Inmediatamente apareció el director de la escuela, un oficial superior con el rango de general, vestido con el uniforme oficial local lleno de condecoraciones y medallas, rodeado de los oficiales más importantes de la escuela. Los observó con atención y luego se paró delante de ellos y pronunció un discurso:

—Hasta ayer erais niños libres, hoy empezáis la verdadera vida de los hombres, representada en la lucha y el esfuerzo. Vuestra alma era propiedad vuestra y de vuestros padres y madres; ahora es propiedad de la patria y del faraón. Debéis saber que la vida militar es esfuerzo y sacrificio. Debéis ser disciplinados y obedientes para cumplir con vuestro deber sagrado con Egipto y el faraón.

Entonces el director vitoreó el nombre de Keops, el faraón de Egipto, y los pequeños soldados respondieron a sus vítores. A continuación les ordenó entonar el himno «Dios mío, cuida a tu siervo adorado y a su feliz reino, desde las fuentes del Nilo hasta el delta». El aire del vasto patio se llenó de voces de pajarillos que cantaban con entusiasmo y gran belleza, uniendo a los dioses, al faraón y a Egipto en un solo canto.

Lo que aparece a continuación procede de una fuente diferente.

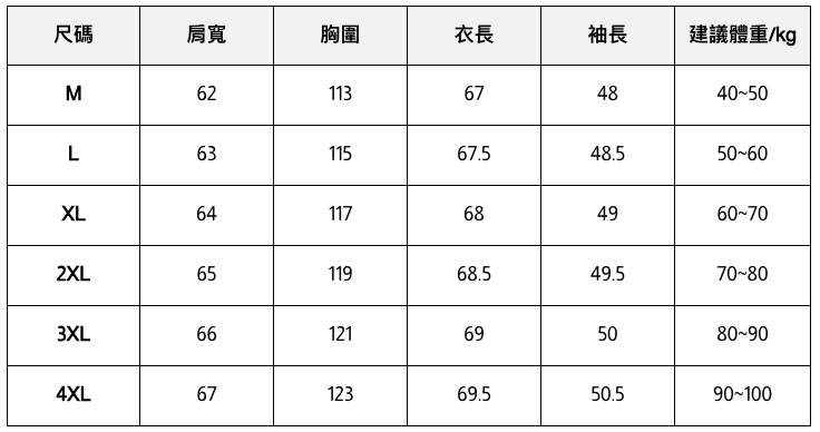 此處給出的參考尺寸表只是一個標準指南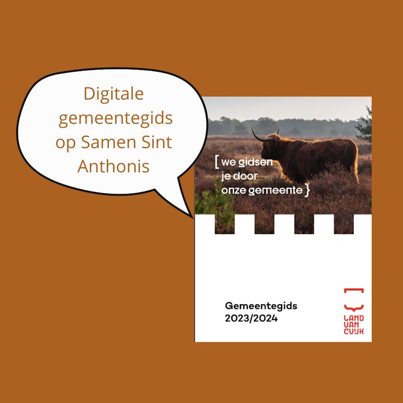 Op de website Samen Sint Anthonis is het nu mogelijk om de digitale gemeentegids van het Land van Cuijk te gebruiken, "We gidsen je door onze gemeente," op elk moment van de dag te raadplegen. Ga naar de voorpagina, scroll naar beneden en klik op "gemeente gids Land van Cuijk 2023/2024." Hiermee heb je toegang tot handige informatie, alles op één plek. Klik op de blauwe link om deze te openen.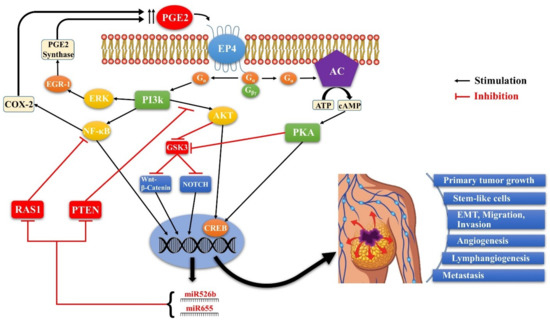 Schema of EP4 mediated signaling pathways in COX-2 expressing breast cancer. Aberrant COX- 2 activity leads to tumor progression and metastasis by utilizing multiple signaling pathways in which EP4 activation plays a pivotal role, and two COX-2/EP4 upregulated miRNAs (miR526b and miR655) are important partners. EP4 activation (like EP2) results in cAMP-dependent PKA activation leading to phosphorylation of the transcription factor CREB. PKA also upregulates WNT/β-catenin and NOTCH pathways by inhibiting GSK3. Furthermore, unlike EP2, EP4 also utilizes the non-canonical PI3K/AkT and ERK signaling pathways, respectively promoting cell survival and migration/ proliferation. COX-2 upregulates the miRNAs miR526b and miR655 via EP4 mediated PI3K/Akt activation and WNT/β-catenin/NOTCH pathways. While COX-2 induces these miRNAs, the miRNAs, in turn, upregulated COX-2. We suggest that these occur via upregulation of NF-κB, which is a well-known upregulator of COX-2 under certain conditions. Predicted targets of these miRNAs include NF-κB repressor genes. Thus there appears to exist a positive feedback loop for COX-2/EP4/NF-κB/miRNA/COX-2-mediated SLC perpetuation.
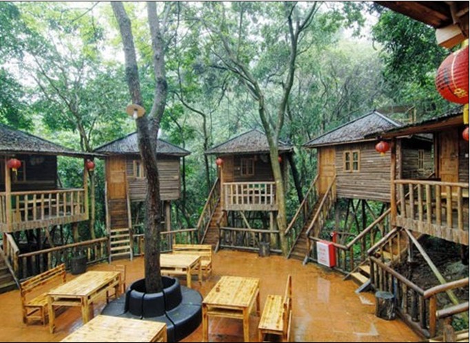 树屋村,上古人类的家,是我们人类祖先还未步出森林前赖以遮风挡雨、防御野兽侵犯的窝。如今,九州驿站的树屋村,在还原古人类居住文化的特征上,融入了现代的养生休闲文化而成为驿站的重要特征。身处树屋村,最能感动人的除了古朴而又独特的住宿设施外,感觉更多的是茂盛森林里的原始气息和土地的芳香,与隔窗相望的雀鸟、昆虫、松鼠等生命为伴才是建造树屋、入住树屋的真正意义。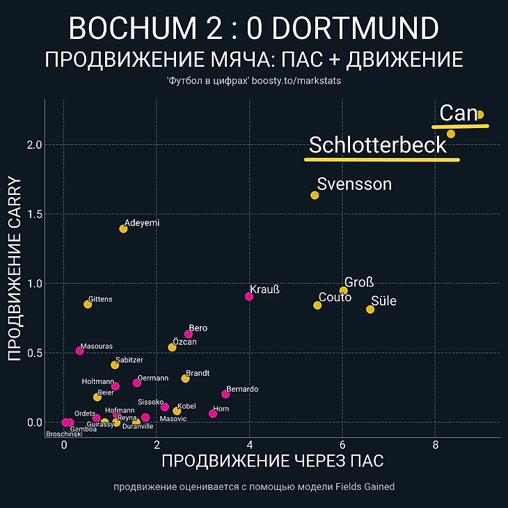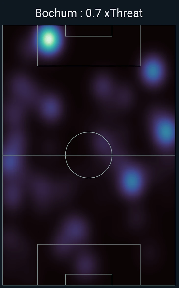 Итог этой идеи не менее смешной, чем последний пункт: по карте опасности передач (xT) примерная зона рокировок Зюле и Джана стала самой опасной зоной, из которой исходили передач «Бохума»: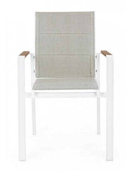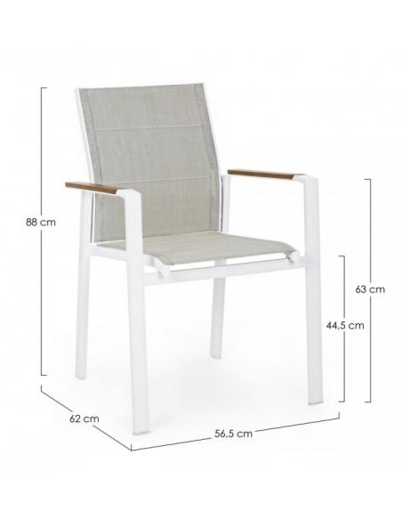 Estructura de aluminio, barnizado con polvo (poliéster). Reposabrazos con inserciones de polywood. Revestimiento asiento y respaldo de téxtilene 2x1 (relleno). Apilable. Embalaje sin cartón.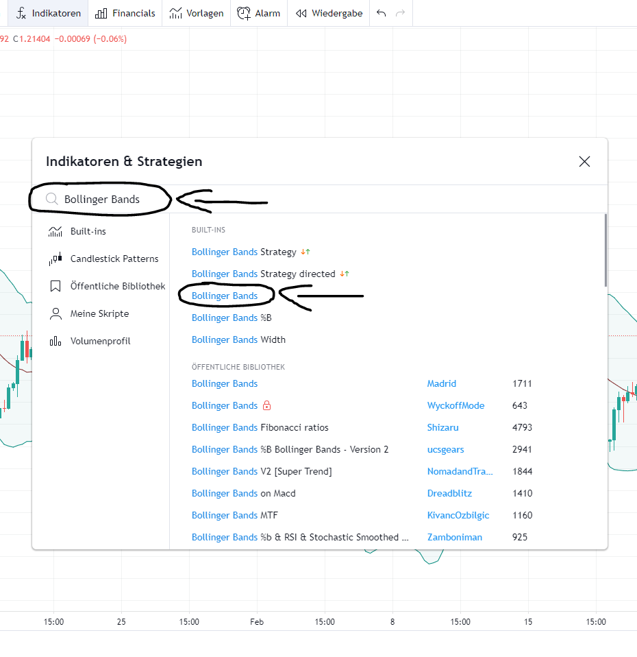 Zunächst wählt man bei Trading View den entsprechenden Basiswert aus. Danach wählt man in der oberen Leiste den Reiter “fx Indikatoren” aus. Nun gibt man in der Suchleiste “Bollinger Bands” ein und klickt diese an. Jetzt sollten die Bollinger Bänder automatisch im Chart hinzugefügt sein. Die Standardeinstellungen können so beibehalten werden.

Aquella noche en que Djedef durmió por vez primera en un lecho extraño y en un nuevo ambiente, tuvo insomnio y sintió nostalgia. Suspiró desde lo más profundo de su alma, y su imaginación invocó, desde el fondo del barracón, felices fantasmas del palacio de Bisharo. Le parecía ver a Zaya acariciándole, a Nafa con su alegre risa, a Jana hablándole con su lógica desencadenada. Se imaginaba a Gamurka lamiéndole las mejillas y saludándole con la cola. Cuando se hubo saciado de recuerdos, el sueño cerró sus párpados y durmió profundamente, pues no se despertó hasta que sonó la sirena, al alba. Se sentó en la cama inmediatamente y miró a su alrededor confundido. Vio a sus compañeros luchando contra el poder del sueño con dificultad, mientras resonaban en el aire bostezos y quejas mezclados con alguna risa…

Después de aquel día no habría descanso, pues había empezado una vida de acción y de perseverancia.